Excuse me? If you mean AI Studio, are you talking about the product where you can’t even switch which logged in account you’re using without agreeing to its terms under whatever random account it selected, where the ability to turn off training on your data does not obviously exist, and where it’s extremely unclear how an organization is supposed to pay for it?
Like the OP others I didn't use the API for gemini and it was not obvious how to do that -- that said it's not cost effective to develop without a Sub vs on API pay-as-you-go, so i do no know why you would? Sure you need API for any applications with built-in LLM features, but not for developing in the LLM assisted CLI tools.
I think the issue with cli tools for many is you need to be competent with cli like a an actual nix user not Mac first user etc. Personally I have over 30 years of daily shell use and a sysadmin and developer. I started with korn and csh and then every one you can think of since.
For me any sort of a GUI slows me down so much it's not feasible. To say nothing of the physical aliments associated with excessive mousing.
Having put approaching thousands of hours working with LLM coding tools so far, for me claude-code is the best, gemini is very close and might have a better interface, and codex is unusable and fights me the whole time.
Paying is hard. And it is confusing how to set it up: you have to create a Vertex billing account and go through a cumbersome process to then connect your AIStudio to it and bring over a "project" which then disconnects all the time and which you have to re-select to use Nano Banana Pro or Gemini 3. It's a very bad process.
It's easy to miss this because they are very generous with the free tier, but Gemini 3 is not free.

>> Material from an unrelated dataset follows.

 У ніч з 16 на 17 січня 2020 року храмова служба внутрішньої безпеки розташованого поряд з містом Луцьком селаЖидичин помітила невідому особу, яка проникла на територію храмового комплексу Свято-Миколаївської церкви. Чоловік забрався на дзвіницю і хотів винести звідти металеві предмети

I often see coworkers offload their work of critical thinking to an AI to give them answers instead doing the grunt work nessecary to find their answers on their own.

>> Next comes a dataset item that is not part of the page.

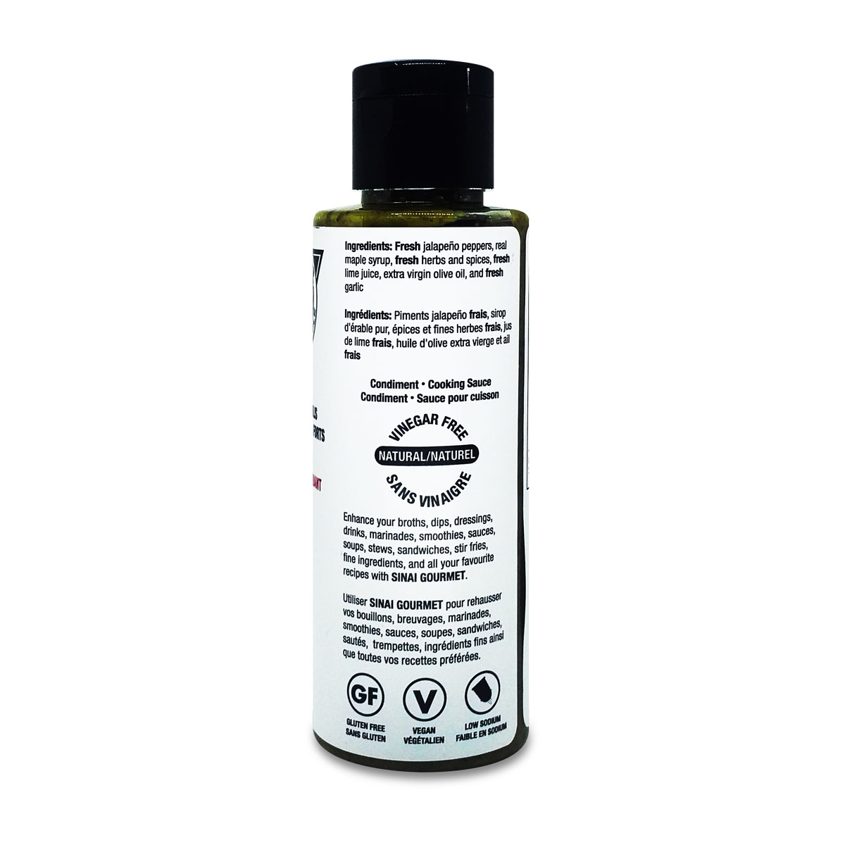 Mélange de piments jalapeños frais, sirop d'érable, des herbes fraîches et d' épices, jus de lime frais, huile d'olive extra vierge, et l' ail frais.

I assume it has something to do with the underlying constraint grammar/token masks becoming too long/taking too long to compute. But as end users we have no way of figuring out what the actual limits are.
OpenAI has more generous limits on the schemas and clearer docs. https://platform.openai.com/docs/guides/structured-outputs#s....
You guys closed this issue for no reason: https://github.com/googleapis/python-genai/issues/660
Other than that, good work! I love how fast the Gemini models are. The current API is significantly less of a shitshow compared to last year with property ordering etc.